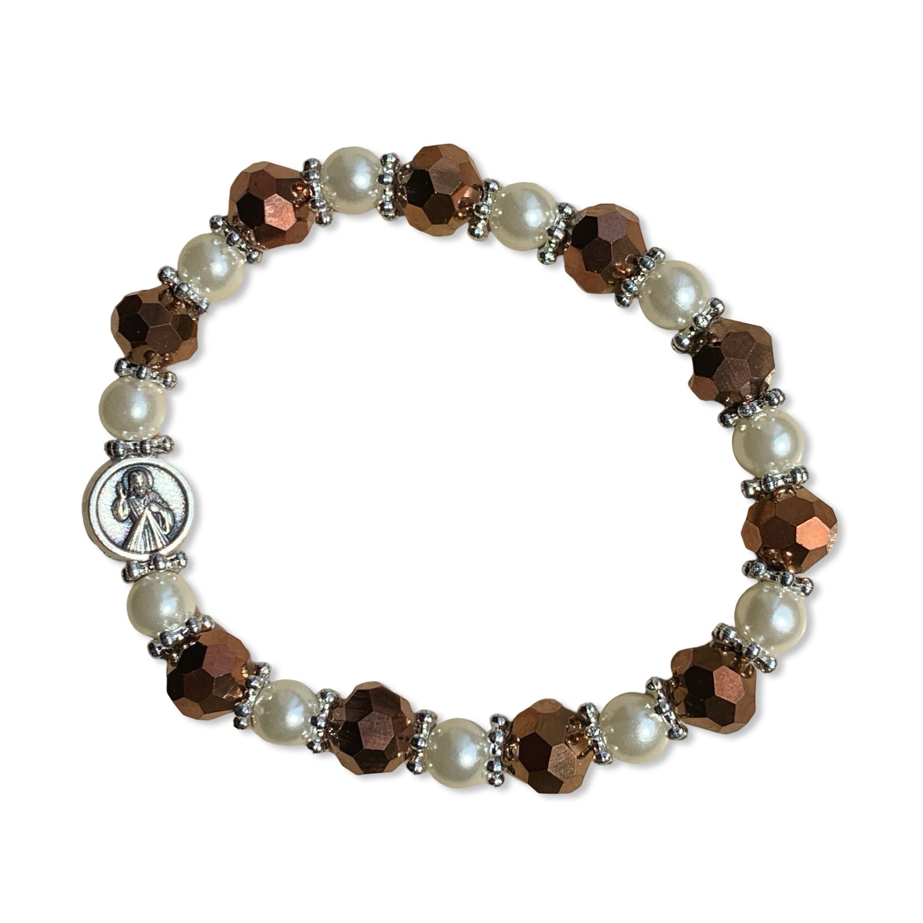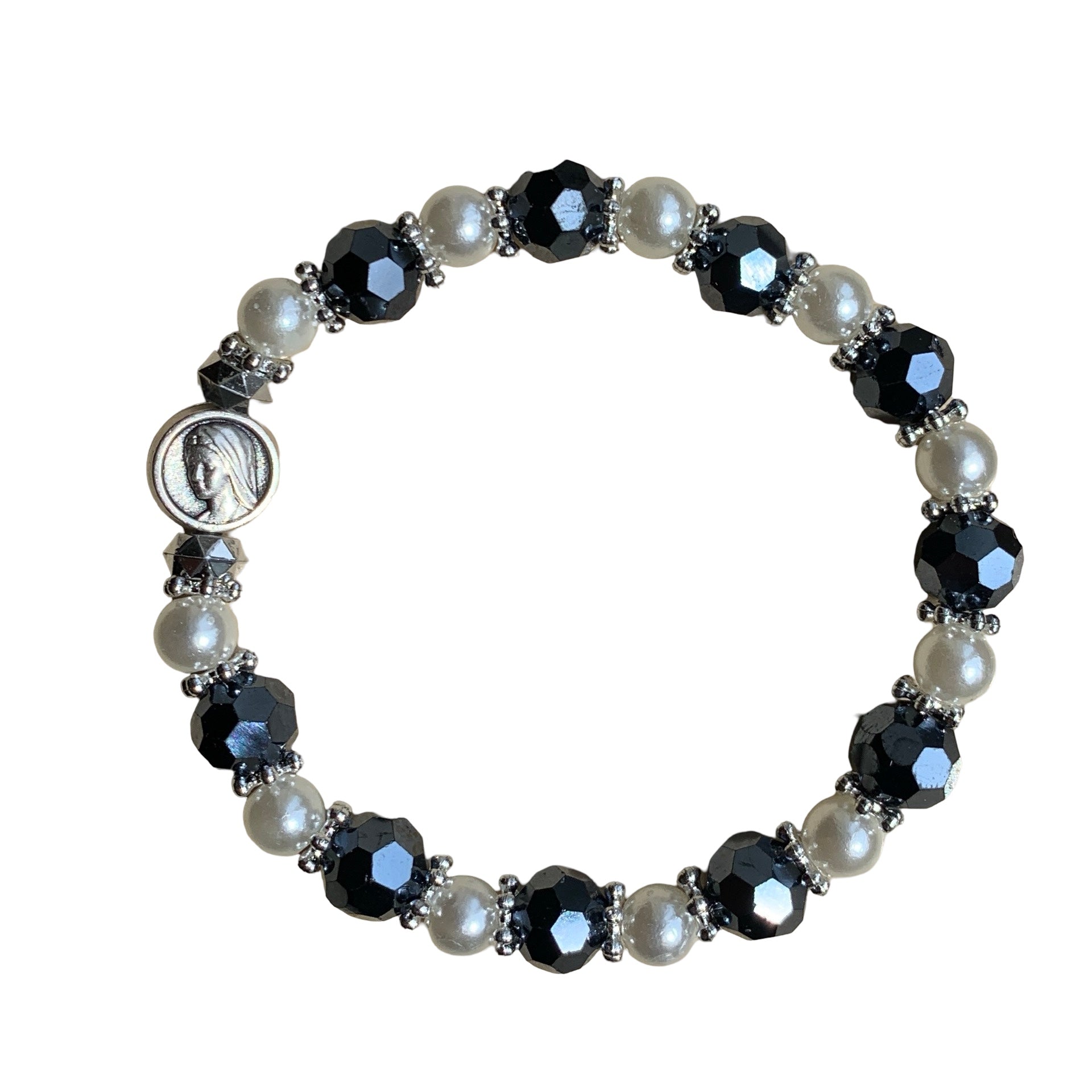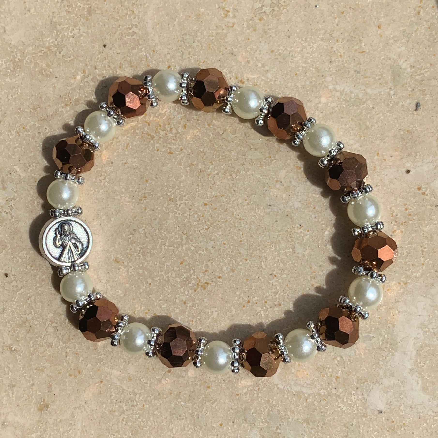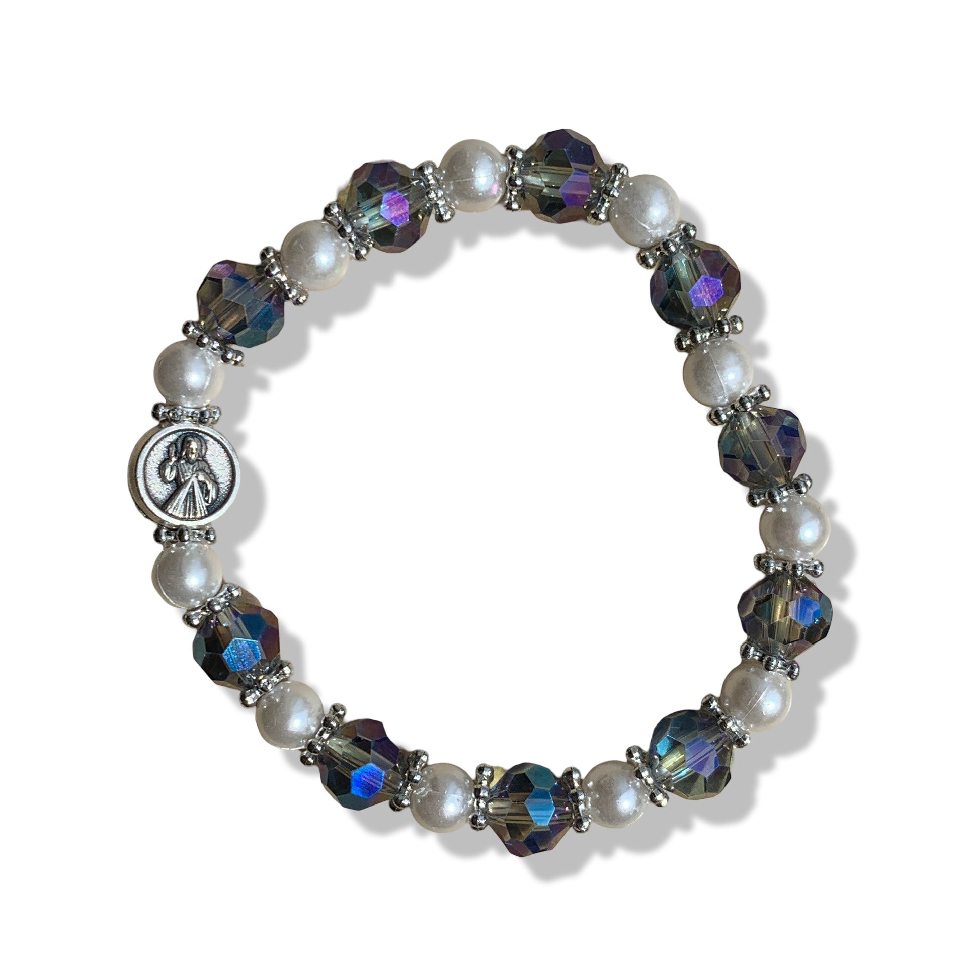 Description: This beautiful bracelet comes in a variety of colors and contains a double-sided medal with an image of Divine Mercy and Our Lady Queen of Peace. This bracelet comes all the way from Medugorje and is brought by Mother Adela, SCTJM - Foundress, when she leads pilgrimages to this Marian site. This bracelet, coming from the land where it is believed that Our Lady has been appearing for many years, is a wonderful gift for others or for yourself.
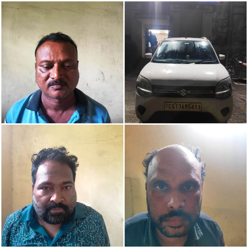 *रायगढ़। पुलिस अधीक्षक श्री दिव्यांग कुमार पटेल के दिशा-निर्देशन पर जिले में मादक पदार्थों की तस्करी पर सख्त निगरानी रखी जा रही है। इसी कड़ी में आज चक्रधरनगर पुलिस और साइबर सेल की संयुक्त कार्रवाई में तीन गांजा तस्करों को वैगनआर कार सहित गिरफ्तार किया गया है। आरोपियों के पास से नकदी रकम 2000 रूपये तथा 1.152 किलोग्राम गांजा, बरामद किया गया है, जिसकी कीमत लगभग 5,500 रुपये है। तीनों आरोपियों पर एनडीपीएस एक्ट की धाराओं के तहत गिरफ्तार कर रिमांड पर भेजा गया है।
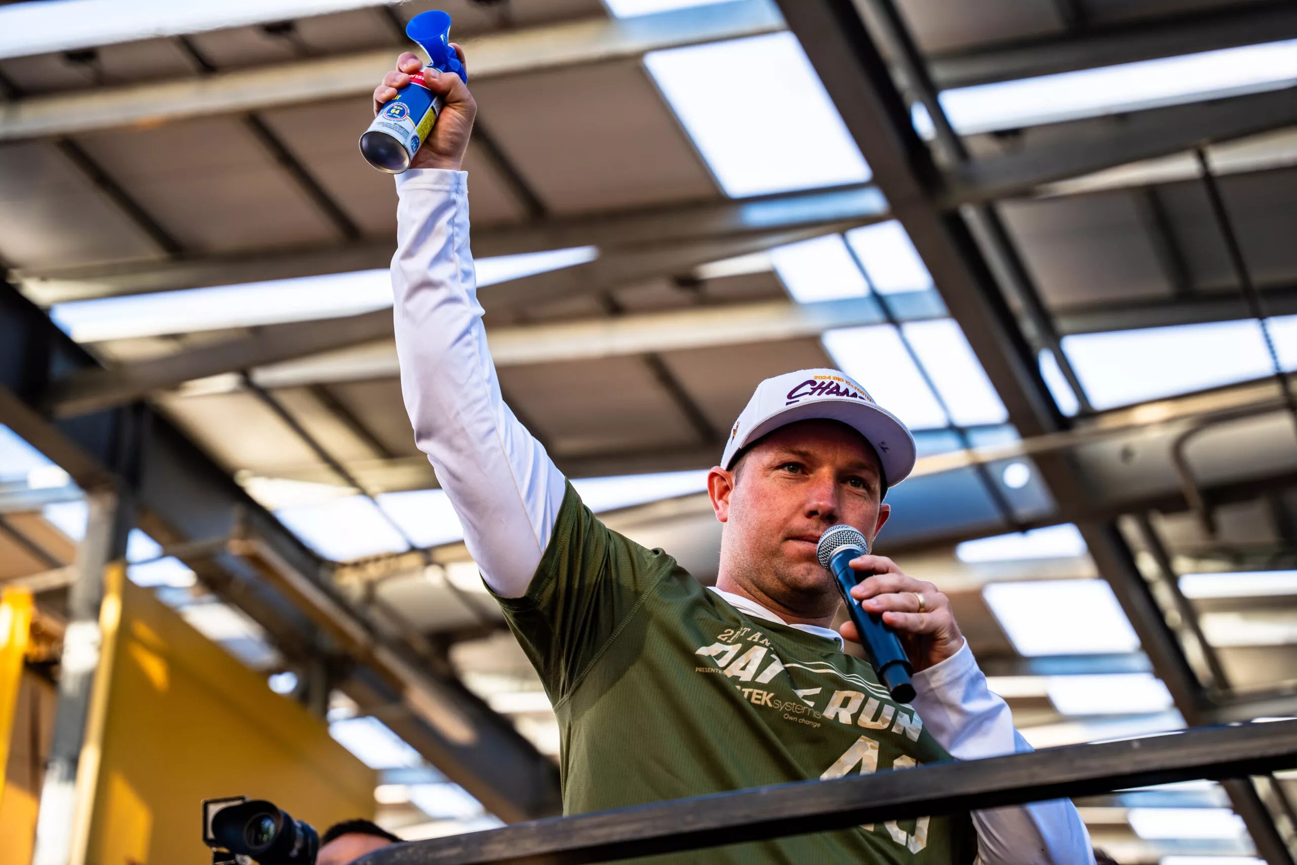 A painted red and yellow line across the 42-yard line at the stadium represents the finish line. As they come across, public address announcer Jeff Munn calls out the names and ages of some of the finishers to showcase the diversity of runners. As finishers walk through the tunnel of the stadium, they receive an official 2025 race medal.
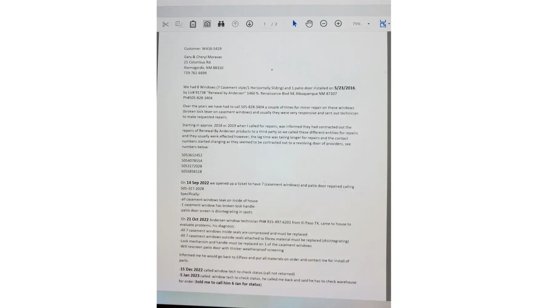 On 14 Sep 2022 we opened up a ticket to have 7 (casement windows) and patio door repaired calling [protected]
————
WORK TO COMPLETE: All lines from the beginning of the material through the line that holds "भेजा गया है।", both included, should be returned exactly; please omit any pictures and add no other lines.

WORKED SOLUTION:
 Description: This beautiful bracelet comes in a variety of colors and contains a double-sided medal with an image of Divine Mercy and Our Lady Queen of Peace. This bracelet comes all the way from Medugorje and is brought by Mother Adela, SCTJM - Foundress, when she leads pilgrimages to this Marian site. This bracelet, coming from the land where it is believed that Our Lady has been appearing for many years, is a wonderful gift for others or for yourself.
 *रायगढ़। पुलिस अधीक्षक श्री दिव्यांग कुमार पटेल के दिशा-निर्देशन पर जिले में मादक पदार्थों की तस्करी पर सख्त निगरानी रखी जा रही है। इसी कड़ी में आज चक्रधरनगर पुलिस और साइबर सेल की संयुक्त कार्रवाई में तीन गांजा तस्करों को वैगनआर कार सहित गिरफ्तार किया गया है। आरोपियों के पास से नकदी रकम 2000 रूपये तथा 1.152 किलोग्राम गांजा, बरामद किया गया है, जिसकी कीमत लगभग 5,500 रुपये है। तीनों आरोपियों पर एनडीपीएस एक्ट की धाराओं के तहत गिरफ्तार कर रिमांड पर भेजा गया है।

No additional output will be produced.